Masala Dosa (1 Piece) and Coffee with Milk and Sugar (1 Coffee Cup (6 Fl Oz))
Breakfast
143 mg/dL
avg. peak value
Usually causes a medium spike
Avg. Food Score on Ultrahuman App
Ultrahuman Users got an UNSTABLE response
How to consume Coffee With Milk And Sugar, Masala Dosa without glucose spikes
Choose Low-Fat Milk or Milk Alternatives
Substitute whole milk with low-fat or plant-based milk options like almond or soy milk to reduce the impact on blood sugar levels.
Reduce Sugar Intake
Gradually decrease the amount of sugar in your coffee. Consider using natural sweeteners like stevia or monk fruit, which have minimal impact on blood glucose.
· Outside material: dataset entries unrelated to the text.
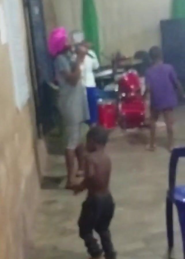 In a brightly lit indoor space, a woman with a pink headwrap sings into a microphone, surrounded by other people and musical instruments. A young, shirtless boy wearing dark pants and sandals dances enthusiastically in the foreground. Behind the singer, there's a set of red drums and a large black speaker. Blue plastic chairs are positioned to the right of the dancing boy, while green and pink drapes adorn the background. The room appears to be a multipurpose space, possibly a church or community hall.
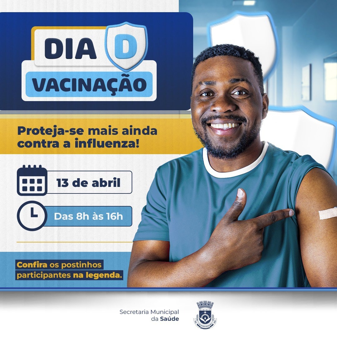 A Prefeitura de Luís Eduardo Magalhães realiza amanhã, dia 13 de abril, o “Dia D” da Campanha de Vacinação da Gripe/Influenza, das 8h às 16h, em todas as salas de vacinação do município. Para se imunizar, basta comparecer a uma unidade de saúde, portando um documento com foto e a comprovação de pertencimento ao grupo prioritário ao qual se enquadra.
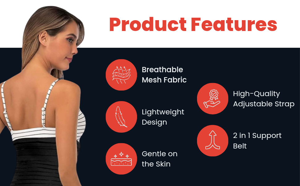 - Improves posture while breastfeeding and caring for your baby
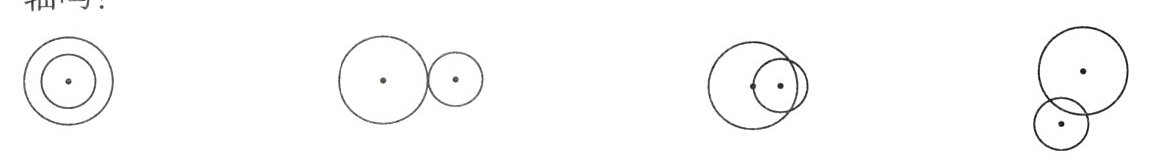 1. 重点题 淘气用两个大小不同的圆片分别摆成了下面的图形,你能画出每个图形的对称轴吗?
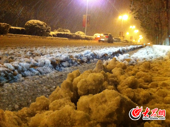 晚上20點(diǎn)30分,記者在濟(jì)南市經(jīng)十東路、二環(huán)南路、旅游路等路段看到,由于降雪量的繼續(xù)增大,路面積雪十分嚴(yán)重,部分更是達(dá)到10公分以上。在市區(qū)東部的燕子山路、花園路、山大路等道路,由于車流量較大,道路中央的積雪已經(jīng)被碾壓成為冰水,當(dāng)有車輛快速開(kāi)過(guò)時(shí),濺起的冰水達(dá)到一米多高。隨著夜間氣溫的不斷降低,部分路面已出現(xiàn)結(jié)冰現(xiàn)象,十分濕滑。為此,山東省氣象臺(tái)于11月29日21時(shí)發(fā)布道路結(jié)冰黃色預(yù)警信號(hào)。
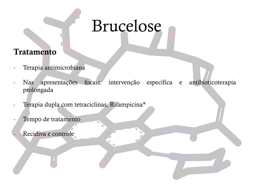 Brucelose Tratamento • Terapia antimicrobiana • Nas apresentações focais: intervenção específica e antibioticoterapia prolongada • Terapia dupla com tetraciclinas, Rifampicina* • Tempo de tratamento • Recidiva e controle

Portion Control for Masala Dosa
Limit the portion size of masala dosa. Eating smaller portions can help manage blood sugar levels more effectively.
Add Protein or Fiber to Coffee
Consider adding a source of protein or fiber, such as a scoop of protein powder or a sprinkle of chia seeds, to your coffee to slow down glucose absorption.
Incorporate Protein-Rich Sides
Pair your masala dosa with protein-rich sides like boiled eggs or a small portion of paneer to help balance blood sugar levels.
Include Fiber-Rich Vegetables
Add a side of fiber-rich vegetables or a salad with your masala dosa to slow the absorption of carbohydrates.
Stay Hydrated
Drink plenty of water throughout the day to help your body maintain stable blood sugar levels.
Engage in Light Physical Activity
Consider going for a short walk after eating to help your body utilize glucose more effectively.
Mindful Eating Practices
Eat slowly and be mindful of your hunger and fullness cues to prevent overconsumption that could lead to spikes in blood sugar.
Regular Monitoring
Keep track of your blood sugar levels regularly, especially after consuming meals you suspect might cause spikes, to better understand your body's response.